Exercise brief: Taking the line with "Discover the rugged" as the first and the line with "Former President Barack" as the last, set down the lines below exactly, pictures excluded.

Data in this exercise:
○ ○ ○ ○ ○
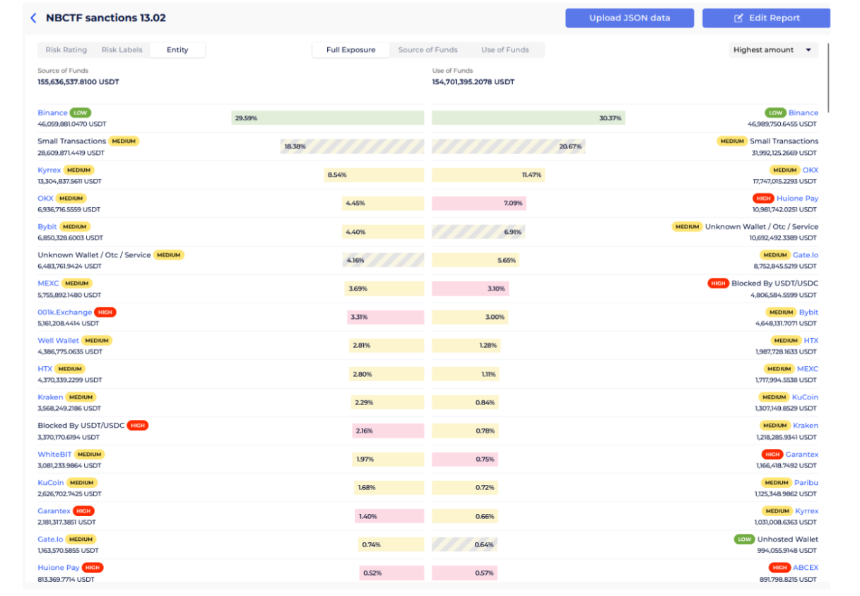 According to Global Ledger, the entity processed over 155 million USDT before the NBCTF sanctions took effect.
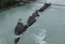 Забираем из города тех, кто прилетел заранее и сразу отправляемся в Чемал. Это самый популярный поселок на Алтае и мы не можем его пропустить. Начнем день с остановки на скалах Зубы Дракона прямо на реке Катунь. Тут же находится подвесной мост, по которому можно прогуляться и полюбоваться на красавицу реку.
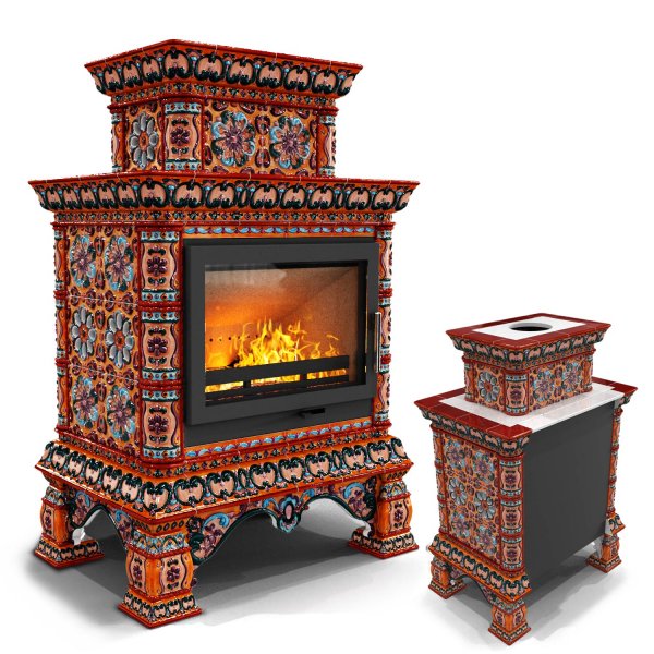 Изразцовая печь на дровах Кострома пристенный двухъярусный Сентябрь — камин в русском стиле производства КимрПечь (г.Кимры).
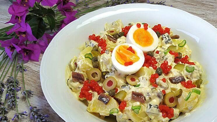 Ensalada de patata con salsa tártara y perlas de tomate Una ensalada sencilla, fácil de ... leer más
○ ○ ○ ○ ○
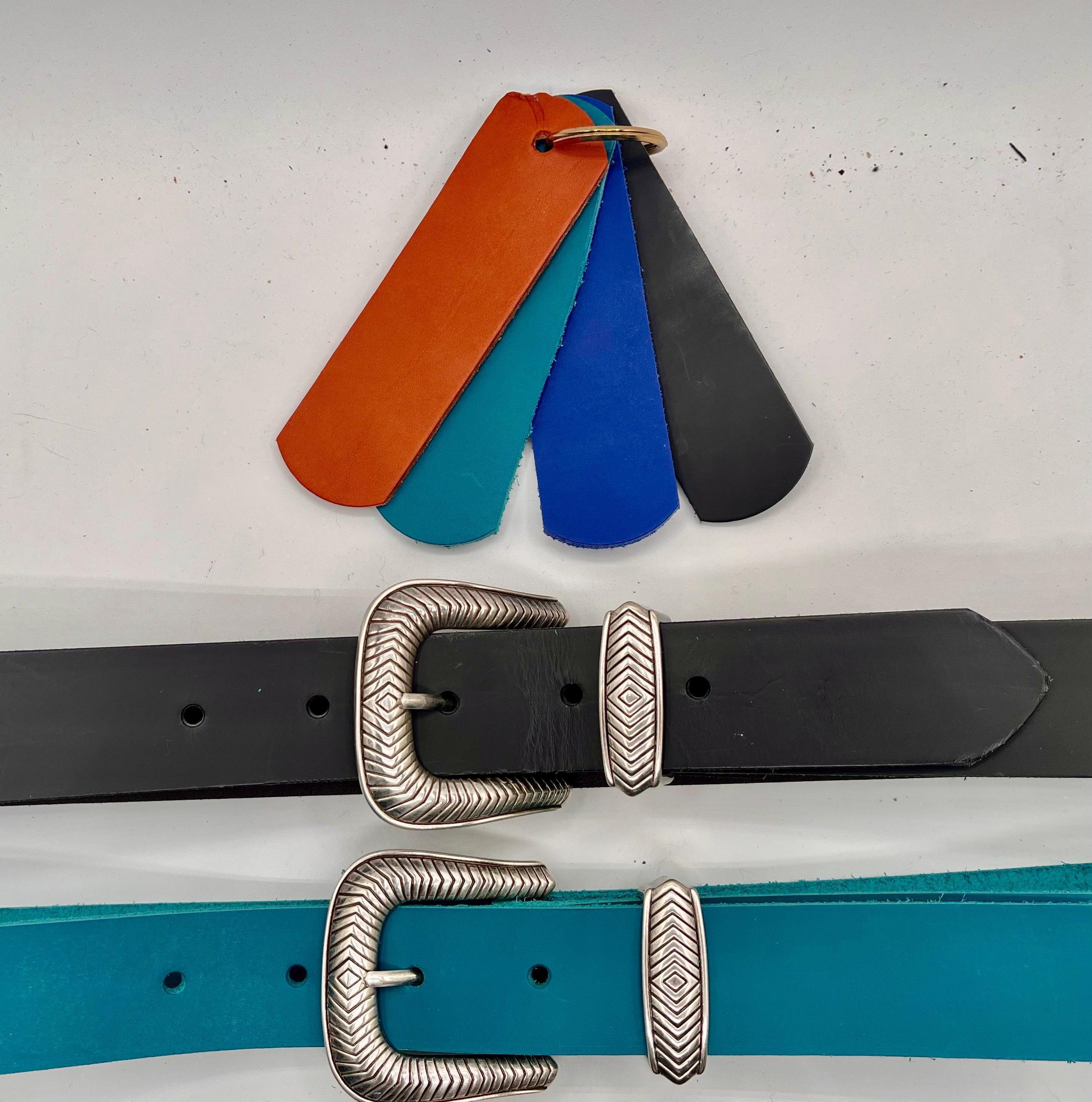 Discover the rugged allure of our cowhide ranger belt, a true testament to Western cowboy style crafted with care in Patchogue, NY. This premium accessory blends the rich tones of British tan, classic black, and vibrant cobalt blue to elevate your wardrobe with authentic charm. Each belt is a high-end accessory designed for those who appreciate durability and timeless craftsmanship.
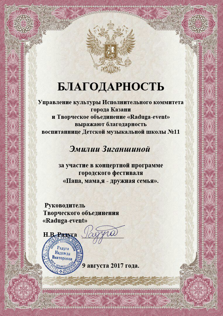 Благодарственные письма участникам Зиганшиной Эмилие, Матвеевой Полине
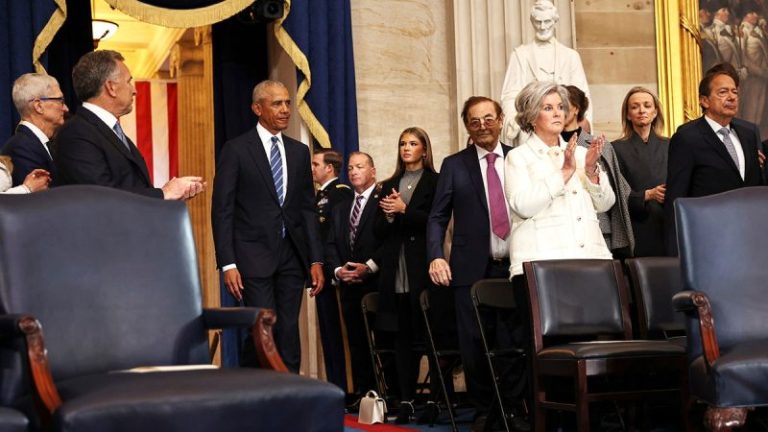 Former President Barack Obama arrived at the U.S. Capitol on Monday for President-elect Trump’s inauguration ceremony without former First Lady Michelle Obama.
○ ○ ○ ○ ○
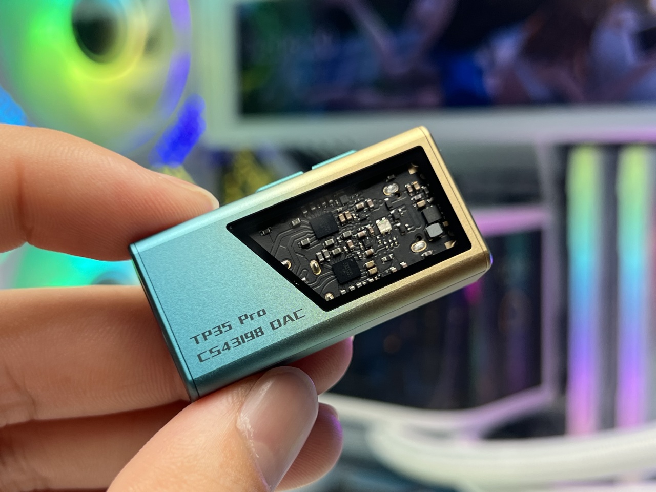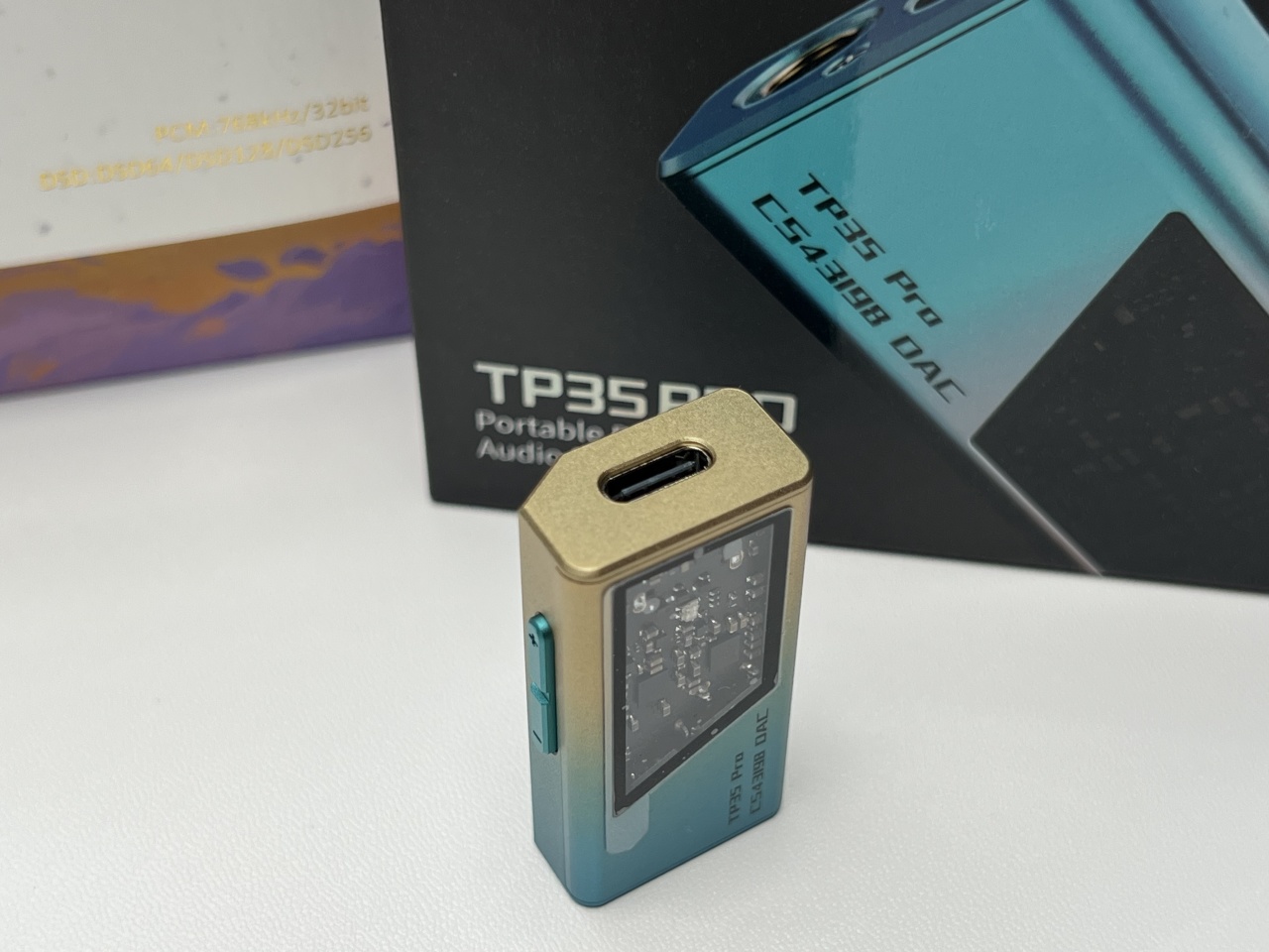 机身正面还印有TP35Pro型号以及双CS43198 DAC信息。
○ ○ ○ ○ ○
Result of this task:
 Discover the rugged allure of our cowhide ranger belt, a true testament to Western cowboy style crafted with care in Patchogue, NY. This premium accessory blends the rich tones of British tan, classic black, and vibrant cobalt blue to elevate your wardrobe with authentic charm. Each belt is a high-end accessory designed for those who appreciate durability and timeless craftsmanship.
 Благодарственные письма участникам Зиганшиной Эмилие, Матвеевой Полине
 Former President Barack Obama arrived at the U.S. Capitol on Monday for President-elect Trump’s inauguration ceremony without former First Lady Michelle Obama.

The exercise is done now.